От вокзала до курсов пришлось ехать несколько миль в автобусе. Сомневаюсь, чтобы за всю дорогу мосье Йошото сказал хоть пять слов. То ли из-за этого молчания, то ли наперекор ему я говорил без умолку, высоко задрав левую ногу на правое колено и непрестанно вытирая потную ладонь об носок. Мне казалось, что необходимо не только повторить все прежние выдумки про родство с Домье, про покойную супругу и небольшое поместье на юге Франции, но и разукрасить это вранье. Потом, чтобы избавиться от мучительных воспоминаний (а они и на самом деле начинали меня мучить), я перешел на тему о старинной дружбе моих родителей с дорогим их сердцу Пабло Пикассо, le pauvre Picasso, как я его называл.
Кстати, выбрал я Пикассо потому, что считал, что из французских художников его лучше всех знают в США, а Канаду я тоже присоединил к США. Исключительно ради просвещения мосье Йошото я припомнил с подчеркнутым состраданием к падшему гиганту, сколько раз я говорил нашему другу: «Ma-tre Picasso, o-allez vous?» И как в ответ на этот проникновенный вопрос старый мастер медленным, тяжким шагом проходил по мастерской и неизменно останавливался перед небольшой репродукцией своих «Акробатов», вспоминая о своей давно загубленной славе. И когда мы выходили из автобуса, я объяснил мосье Йошото, что беда Пикассо в том, что он никогда и никого не слушает, даже своих ближайших друзей.

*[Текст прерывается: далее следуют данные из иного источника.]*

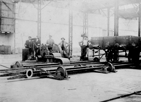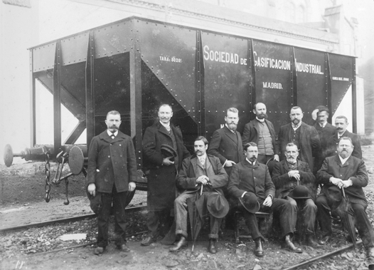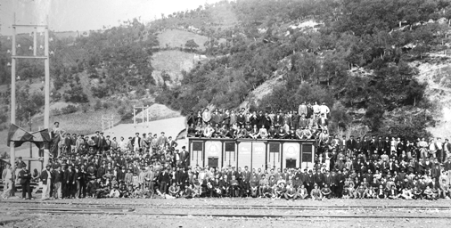 En 1907, la plantilla de la fábrica de vagones celebró la construcción del nº 1.000 de su producción. Fotografía de Pablo Weeber. Archivo EuskoTren/Museo Vasco del Ferrocarril

В 1939 году «Любители великих мастеров» помещались на втором этаже небольшого, удивительно унылого с виду, трехэтажного домика, как видно, отдававшегося внаем, в самом неприглядном, верденском, районе Монреаля. Школа находилась прямо над ортопедической мастерской. «Любители великих мастеров» занимали одну большую комнату с крохотной незапиравшейся уборной. Но наперекор всему, когда я вошел в это помещение, мне оно сразу показалось удивительно приятным. И тому была причина: все стены этой «преподавательской» были увешаны картинами — главным образом акварелями работы мосье Йошото. Мне и сейчас иногда видится во сне белый гусь, летящий по невыразимо бледному, голубому небу, причем — и в этом главное достижение смелого и опытного мастера — голубизна неба, вернее дух этой голубизны, отражен в оперении птицы. Картина висела над столом мадам Йошото. Это произведение и еще две-три картины, схожие по мастерству, придавали комнате свой особый характер.